Final answer:
To calculate how fast the water level in a rectangular pool is rising when being filled by a garden hose, divide the volume of water added per minute (0.1 m³) by the pool's base area (32 m²), resulting in a rise of 3.125 mm per minute.
Step-by-step explanation:
The question is asking to find out how fast the water level is rising in a rectangular pool that is being filled with water. To solve this problem, we need to find the volume of the pool and then calculate the rate at which the volume is increasing with the water being added by the garden hose.
The pool dimensions are 4 meters wide, 8 meters long, and we don't know the depth (height) yet. Since the volume of water coming from the hose is 1 cubic meter every 10 minutes, this means that every minute, 0.1 cubic meters of water is added to the pool.

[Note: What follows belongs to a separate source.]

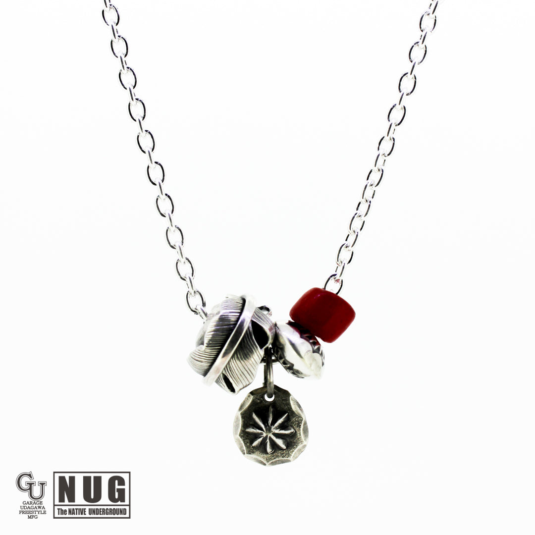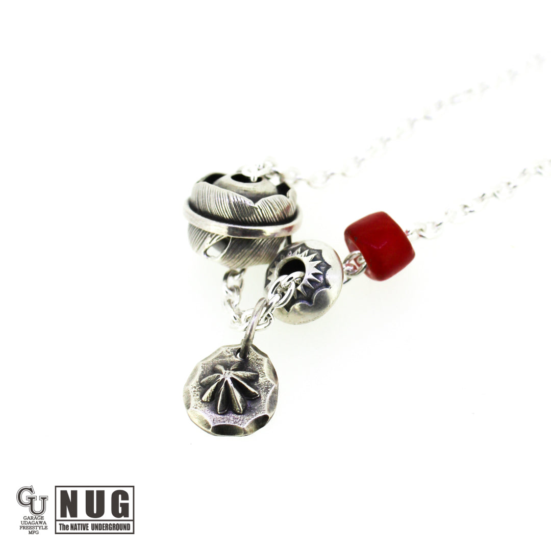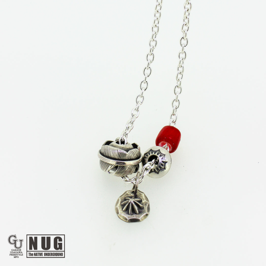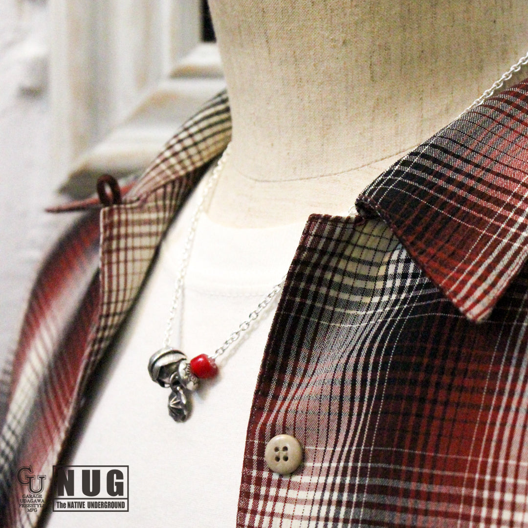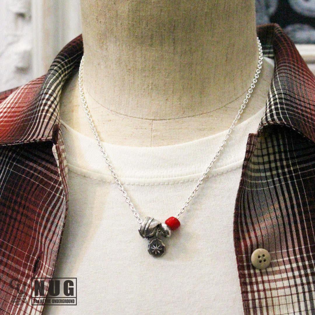 定番のシルバー925製あずきチェーンにガレージウダガワの工房にてハンドメイドで作られたビーズ、チャームを組み上げたネックレスです

To find out how fast the water level is rising, we divide the volume added per minute by the area of the base of the pool:
- Volume added per minute = 0.1 cubic meters
- Area of the pool's base = Width × Length = 4 m × 8 m = 32 m²
- Rise in water level per minute = Volume added per minute ÷ Area of the pool's base
- Rise in water level per minute = 0.1 m³/min ÷ 32 m² = 0.003125 m/min or 3.125 mm/min
Therefore, the water is rising at a rate of 3.125 mm per minute.